FEVA TV
- FEVA TV logo
- Country: Canada
- Broadcast area: National
- Headquarters: Toronto, Ontario, Canada

Ownership
- Owner: Wells Multimedia Entertainment
- Key people: Wells Idahosa Okunbo (chairman) Robert Onianwah (president/CEO)

History
- Launched: August 28, 2014; 10 years ago

Links
- Website: www.fevatv.com

= FEVA TV =

Canadian television channel

FEVA TV is a Canadian English language exempt Category B specialty channel that launched on August 28, 2014. The channel's name is an acronym for First Entertainment Voice of Africa, and a Caribbean English spelling of the word "fever." It was founded by Robert Onianwah and Dr. Idahosa Wells Okunbo, and is owned by Wells Multimedia Entertainment Inc.

FEVA TV is the first-ever television channel aimed at Black Canadians. It primarily airs general entertainment programming, including movies, music, comedies, dramas, documentaries, and talk shows.

== History ==
FEVA originated as an Internet-based video service in September 2013. Shortly after FEVA's launch, the owners began talks with television service providers to launch the service as a television channel. FEVA TV would officially launch as a television channel on August 28, 2014.

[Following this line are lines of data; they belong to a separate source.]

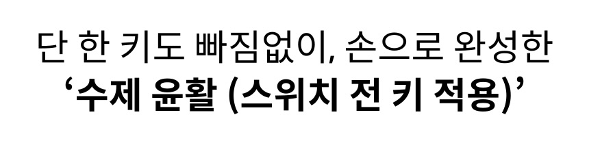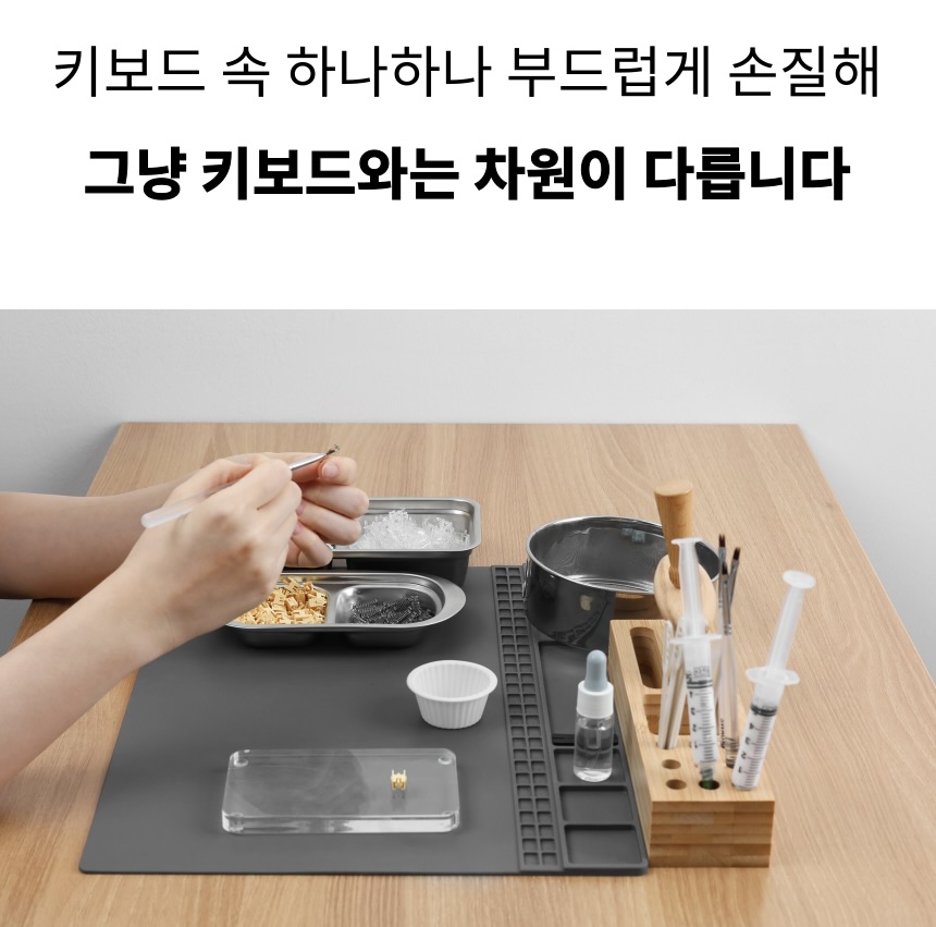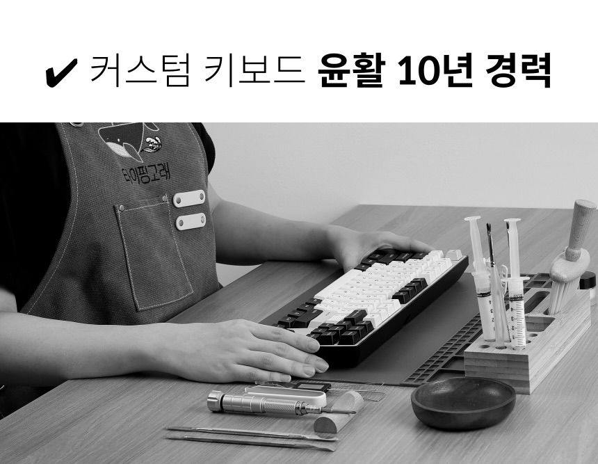 - 수제 윤활은 단순히 기름칠하는 작업이 아니라, 키보드 하나하나의 특성과 컨디션을 파악해 최적의 상태로 만들어주는 정밀 작업입니다. 공장에서 일괄 처리된 윤활과는 달리, 직접 손으로 확인하며 진행하기 때문에 소리, 키감 모두 훨씬 더 부드럽고 일관성 있게 개선됩니다
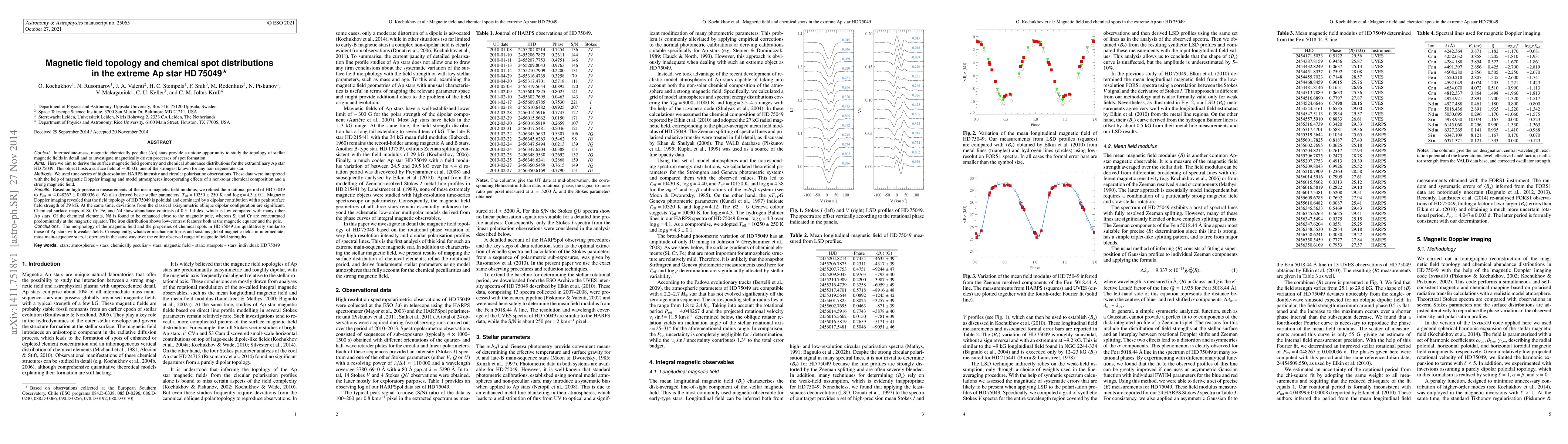 Researchers studied the magnetic field topology and chemical spot distributions of the extreme Ap star HD 75049, finding a strong surface magnetic field with a poloidal configuration and unusual chemical abundance patterns.
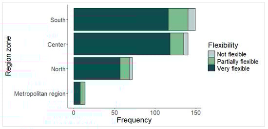 Most individuals are concentrated in the southern and central regions of Chile, accounting for approximately 80% of the sample, as shown in Figure 4. The northern region represents 37% of the data, while the Metropolitan Region accounts for about 4%. The southern region shows a higher concentration of individuals reporting a “not flexible” level, and it also has the highest concentration of individuals in the “partially flexible” category.
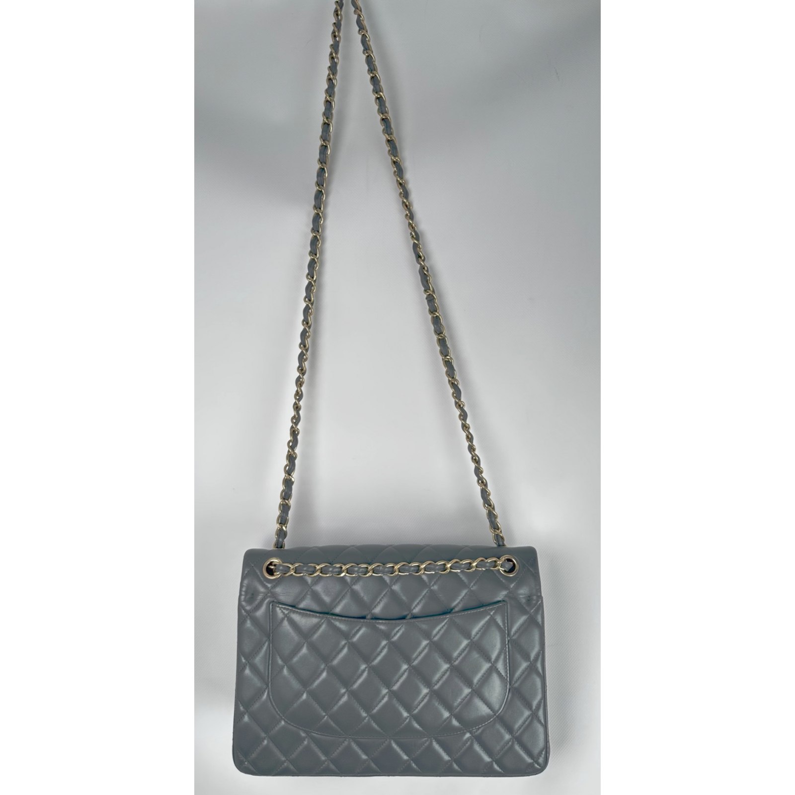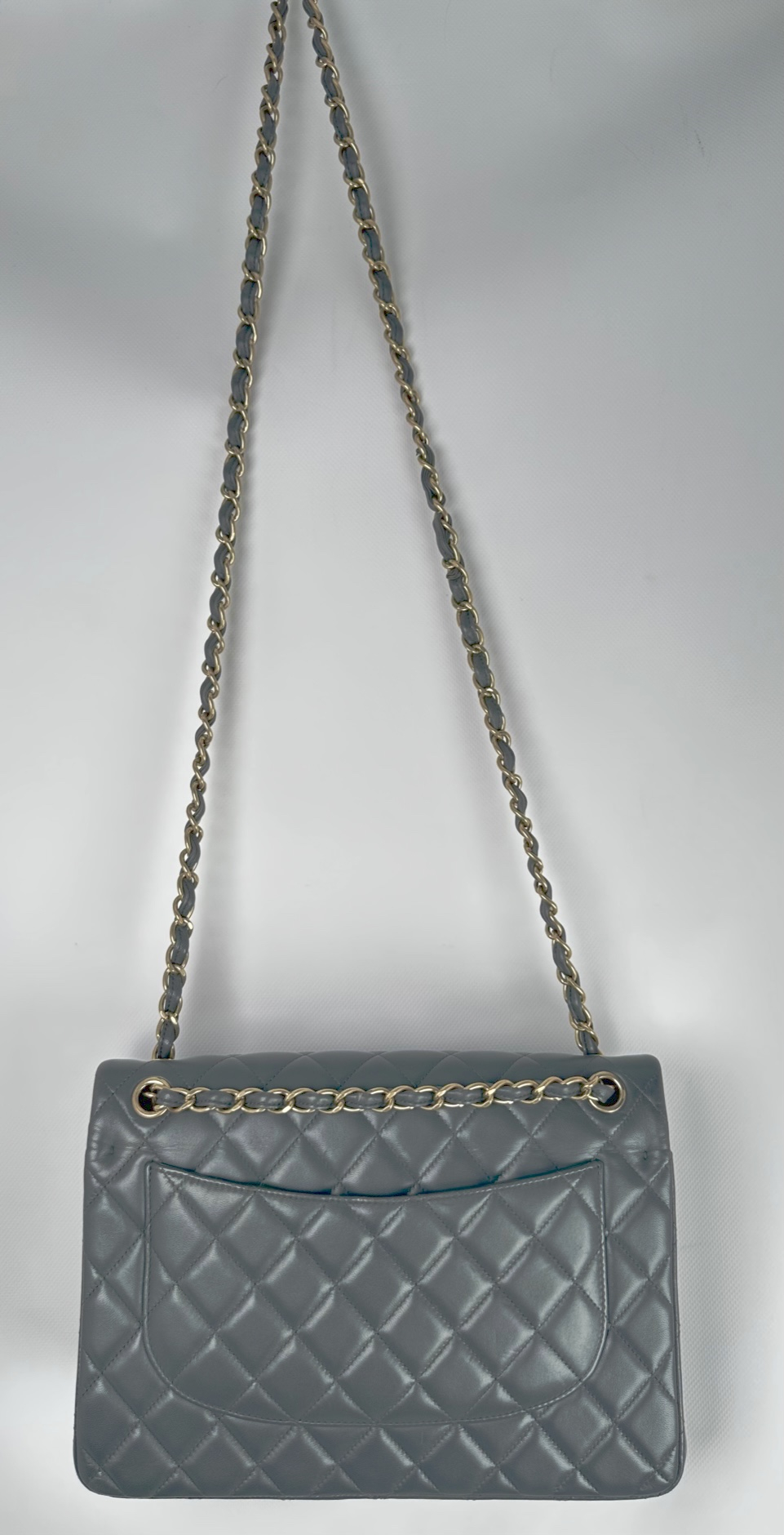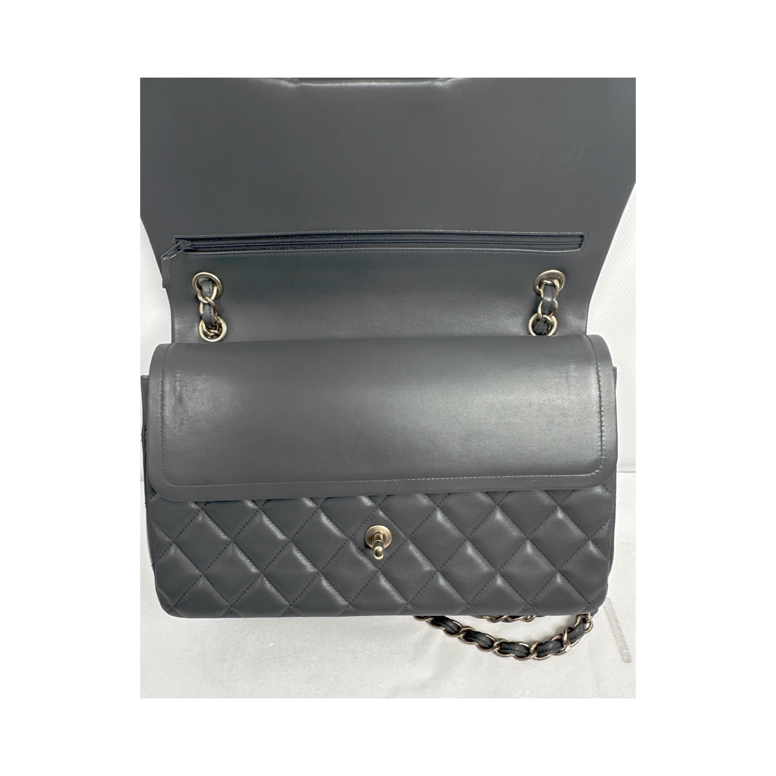 "(Timeless Flap Large )torebka z szarej, pikowanej skóry. Zawieszona jest na długim łańcuszku w kolorze złotym o dużych ogniwach, przez które przepleciony jest skórzany pasek. Chwytając go w połowie długości można uzyskać, krótsze dwa paski. Dzięki temu torebkę można nosić zarówno na jednym ramieniu, jak i po skosie jak listonoszkę. Dół torebki jest dodatkowo lekko usztywniony. Przednia klapa jest lekko wycięta i zamyka body torebki na przekręcaną metalową klamrę w kolorze złotym z logo. Od strony ciała ma otwartą kieszeń. Wewnątrz ma dwie komory. Jedna jest płaska, bez zapięcia, a druga zamykana na zatrzask, ukryty pod klapą z jednolitej skóry licowej. Wewnątrz komory ma dwie, duże kieszenie oraz dwie mniejsze kieszonki. Stan: dobry, lekkie przetarcia na rogach. Karta oraz worek przeciwkurzowy w zestawie oraz pudełko. Skład: 100% skóra naturalna. Wymiary: dł. całkowita: 30 cm., szer.: 5-9 cm., gł. : 9 cm. , ws.: 19,5 cm. dł. paska: 132 cm."

The following year, FEVA reached distribution agreements with Flow, which rolled out the channel in Summer 2015 to the Caribbean; including Antigua, Barbados, Curaçao, Grenada, Jamaica, Trinidad and Tobago, St. Lucia, and St. Vincent & the Grenadines.

In September 2016, FEVA launched in the United States as a digital sub-channel of WDFL-LD channel 18; a low-powered television station in Miami, Florida.

In Summer 2021, FEVA reached its first African distribution agreement with Azam TV, launching on its system in Tanzania, Uganda, Kenya, Burundi, Rwanda, and Malawi.

In February 2022, FEVA would go to Jamaica to shoot two episodes We Outside, an original series produced for the planned launch of FEVA Music. That same year, the Comcast/NBCUniversal-backed AfroLandTV partnered with Fast Channels TV and FEVA to launch a FEVA-branded FAST channel.

In August 2024, FreeCast announced it would distribute FEVA TV in the United States as a FAST channel.